▶ [Data segment]:
********
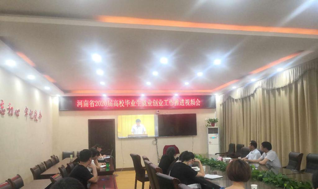 6月29日下午,金年会在开元校区第三会议室组织收看河南省2020届高校毕业生就业创业工作推进视频会,校长李清臣、党委副书记、工会主席李森、招生就业处负责人、全体就业专干等收看了视频会。
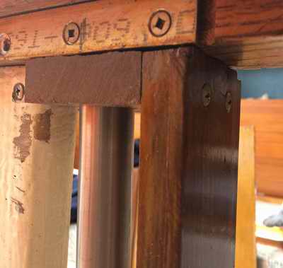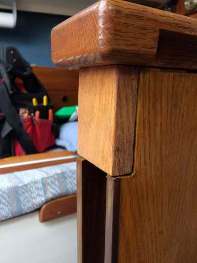toe rail leak. This was a lot of work but turned out to be easier than trimming the downturned flange of the head liner above the back of the cabinet. Fortunately I was able to
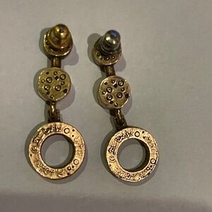 Gold, green, orange, pink drop earrings with back. About 1 inch drop.
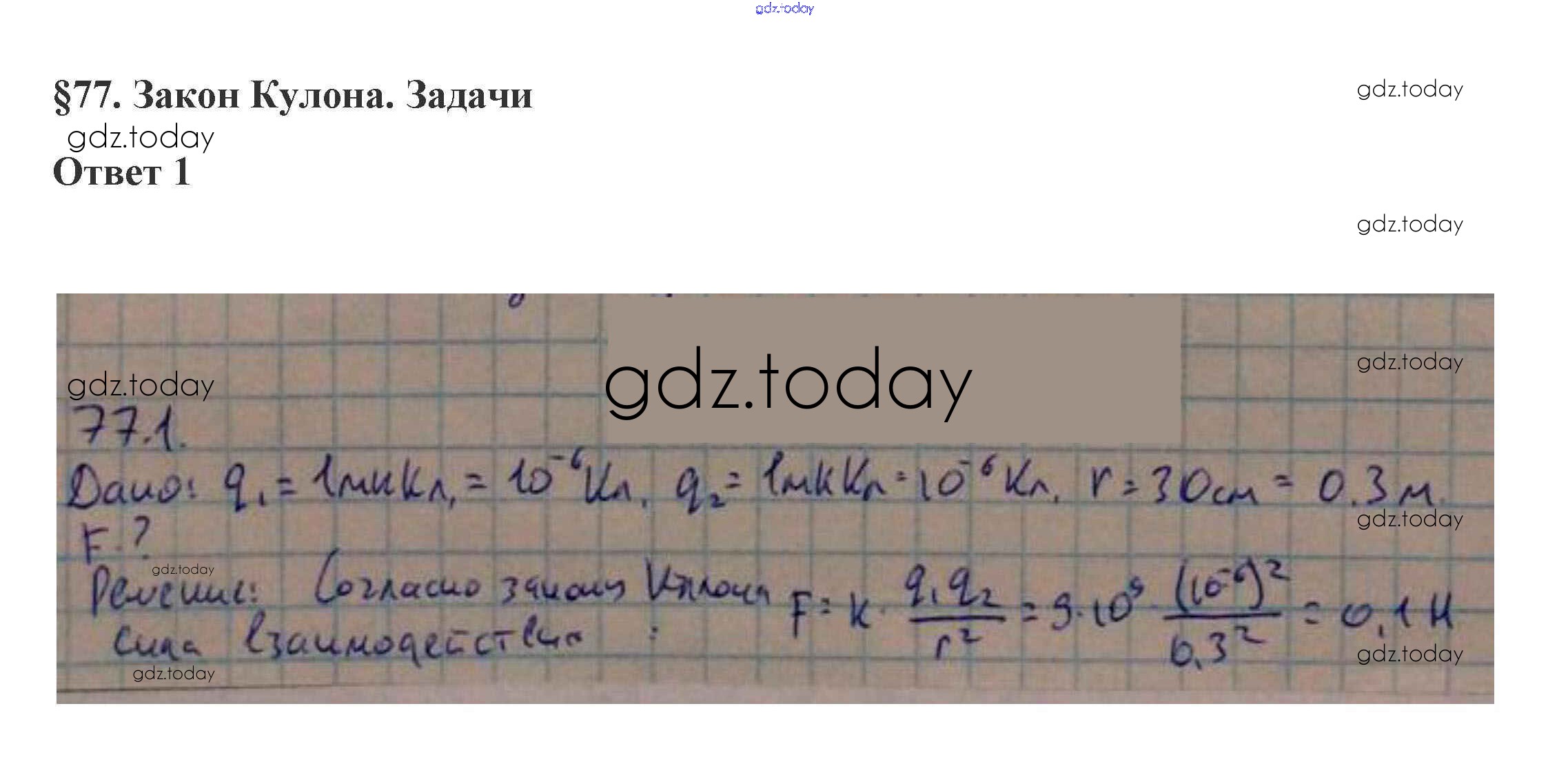 На страницах сайта gdz.today вы найдете учебный и вспомогательный материал, направленный на улучшения знаний школьной программы. ГДЗ - онлайн мир знаний 77. Закон Кулона 12 Силы электромагнитного взаимодействия неподвижных заря 1 Учебнику по Физике для 10 класса Касьянов Дрофа 2018
********
▶ [What you are asked to do]: Could you copy, exactly and with no pictures, each line from the first one above to the line holding "Gold, green, orange, pink"?

▶ [Result for this exercise]:
 6月29日下午,金年会在开元校区第三会议室组织收看河南省2020届高校毕业生就业创业工作推进视频会,校长李清臣、党委副书记、工会主席李森、招生就业处负责人、全体就业专干等收看了视频会。
toe rail leak. This was a lot of work but turned out to be easier than trimming the downturned flange of the head liner above the back of the cabinet. Fortunately I was able to
 Gold, green, orange, pink drop earrings with back. About 1 inch drop.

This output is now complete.